• [Task instructions]: Begin with the line below holding "собака беспородная, кобель" and go on through the line holding "Delivery caucasian man", duplicating each line exactly and leaving out pictures.

= = = =

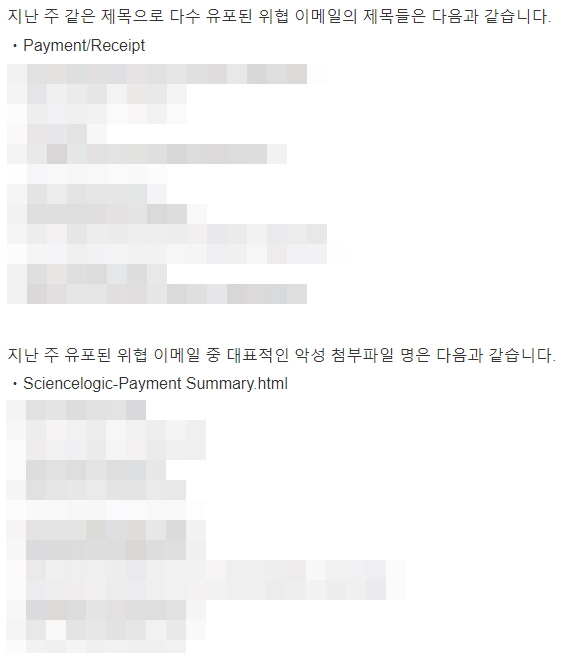 이번주 Pick으로는 사용자의 불안감을 활용하는 혹스 Phishing 이메일을 선정했습니다. 특히 대량으로 유포하고 있어, 주의가 요구되며 자세한 내용은 다음 글을 확인하시기 바랍니다.
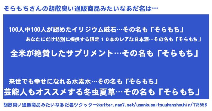 | 意味不明あだ名 | 『とにかく怪しいそらもち』 |
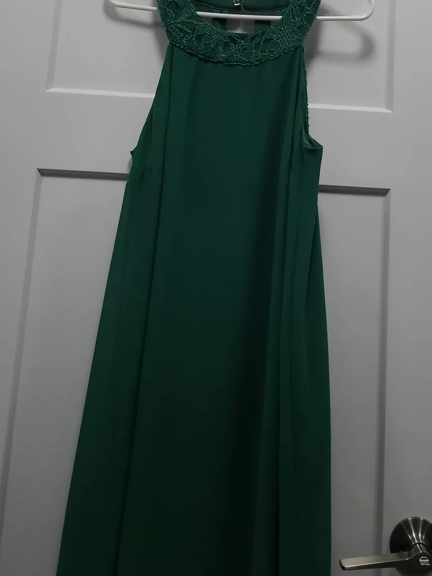 Selling a lovely green halter dress! It has a beautiful lace detail around the neckline. It's in great condition and perfect for a special occasion or a night out
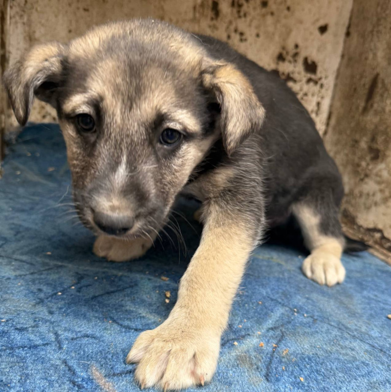 собака беспородная, кобель 4 мес, серо-черного окраса
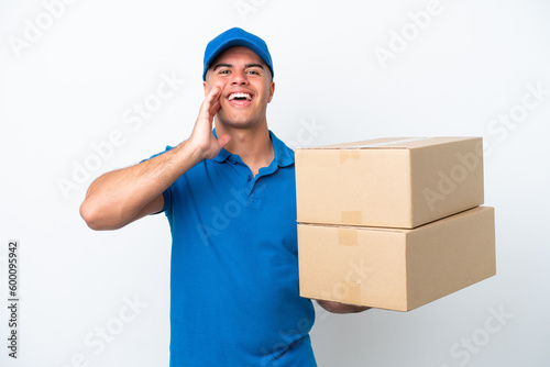 Delivery caucasian man isolated on white background shouting with mouth wide open
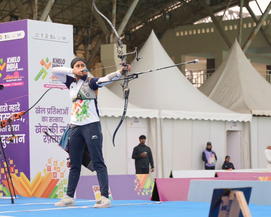 आर्चर अंशिका कुमारी और देवांग गुप्ता ने रिकर्व मेन्स और विमेंस फाइनल जीते, और फिर शाम को एलपूयी को टीम गोल्ड दिलाने के लिए लौटे। विमेंस रिकर्व फाइनल में, अंशिका ने पंजाब यूनिवर्सिटी की सृष्टि जायसवाल को 6-2 से हराया, जबकि गुप्ता ने जगतपुरा स्पोर्ट्स कॉम्प्लेक्स में मेन्स रिकर्व फाइनल में शिवाजी यूनिवर्सिटी के साहिल शेलार को 6-4 से हराया।
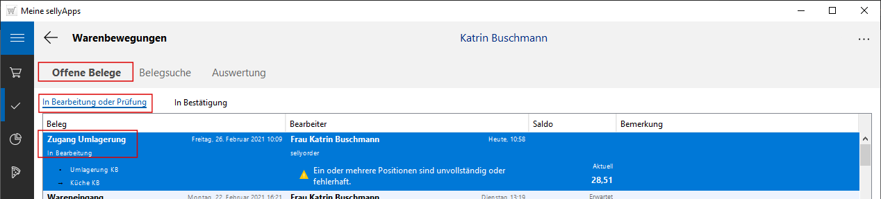 Der Beleg ist wieder mit dem Status In Bearbeitung gekennzeichnet.
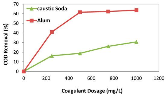 According to Figure 3 and Table 2, the COD removal value was 26% at the optimal dosage of 750 mg/L of NaOH for COD removal, while the COD removal value was 61.5% at the optimum dosage of 500 mg/L of alum for COD removal. However, COD removal efficiencies were higher at 1000 mg/L alum and 1000 mg/L NaOH, with 63.6% and 30.7% COD removal, respectively. In addition, it was shown that the removal efficiency of COD increased slowly when the alum dosage was greater than 500 mg/L. This indicates that it is not necessary to add more alum than 500 mg/L. A similar trend was reported by Maleki [51] and Bouchareb [56], where alum had an advantage over other chemicals and showed the best removal efficiencies for COD. In general, increasing the coagulant dosage increased the efficiency of COD removal by coagulant.
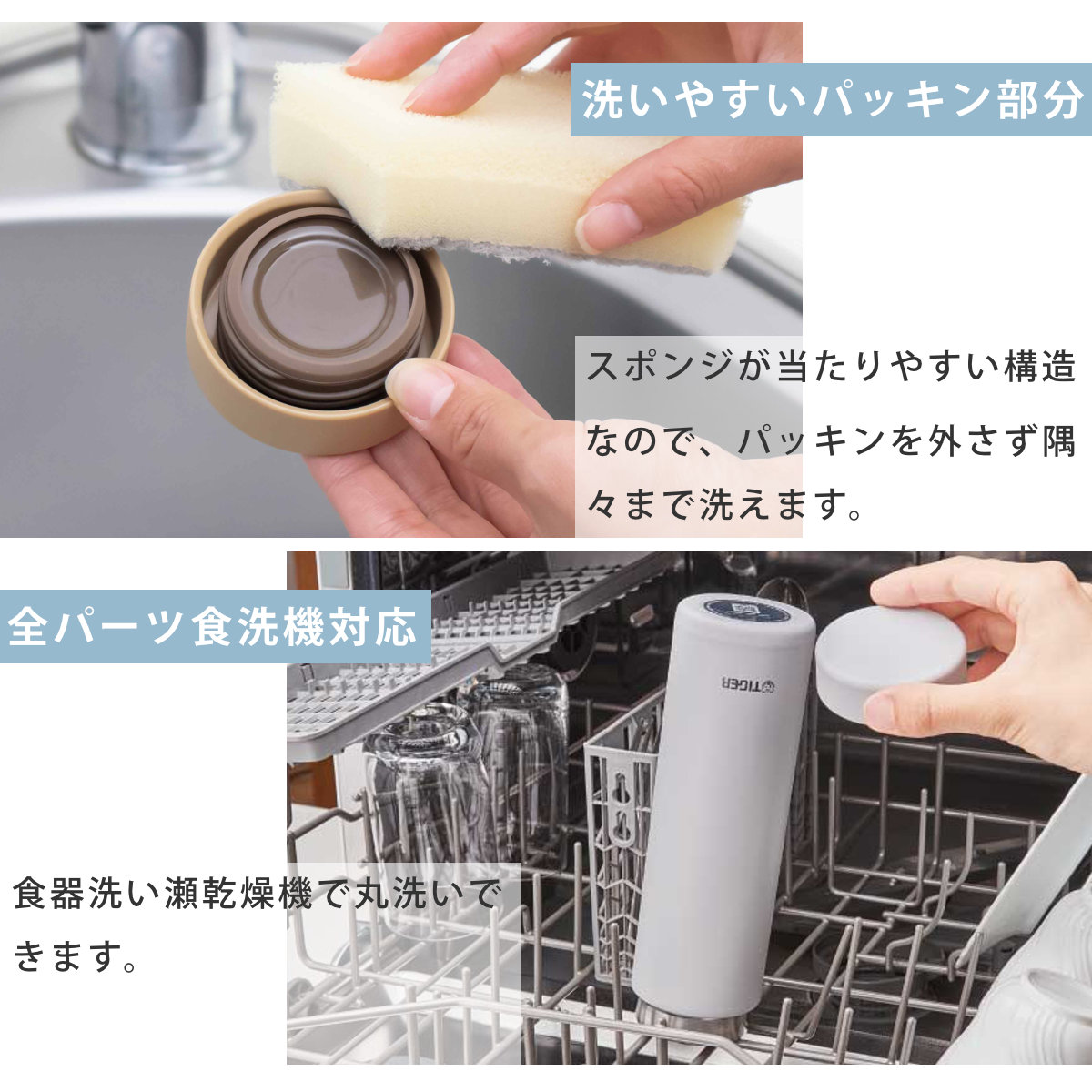 食洗機もOK!お手入れ楽々なパッキン一体型せん搭載
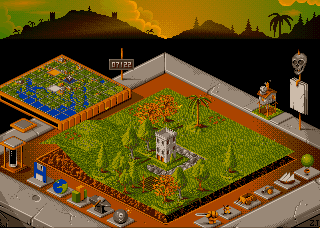 Ultimate Domain is a game of kingdom building set in the mythical land of Genesia. The game has an isometric view point, and allows you to watch as your people work, play, and suffer, in real time. You must build up your kingdoms infrastructure, grow food, mine minerals, produce building materials, conduct research, and create armies. You may engage in diplomacy with your neighbors, but eventually conquest will become essential for expansion. There is an underlying sub-plot that must be achieved as well, there are nine magical jewels scattered around the land, and you must retrieve at least seven of them to be victorious.
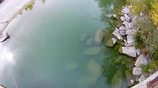 Рыбки в затоне. Они гоняют по воде кусочки хлеба брошенные туристами. Вид с моста на это "скопление" мелких рыб
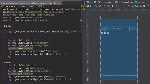 android:id="@+id/button2" ........ app:layout_constraintLeft_toRightOf="@+id/button1" app:layout_constraintRight_toLeftOf="@+id/button3" ........

= = = =

• [The completed task]:
 собака беспородная, кобель 4 мес, серо-черного окраса
 Delivery caucasian man isolated on white background shouting with mouth wide open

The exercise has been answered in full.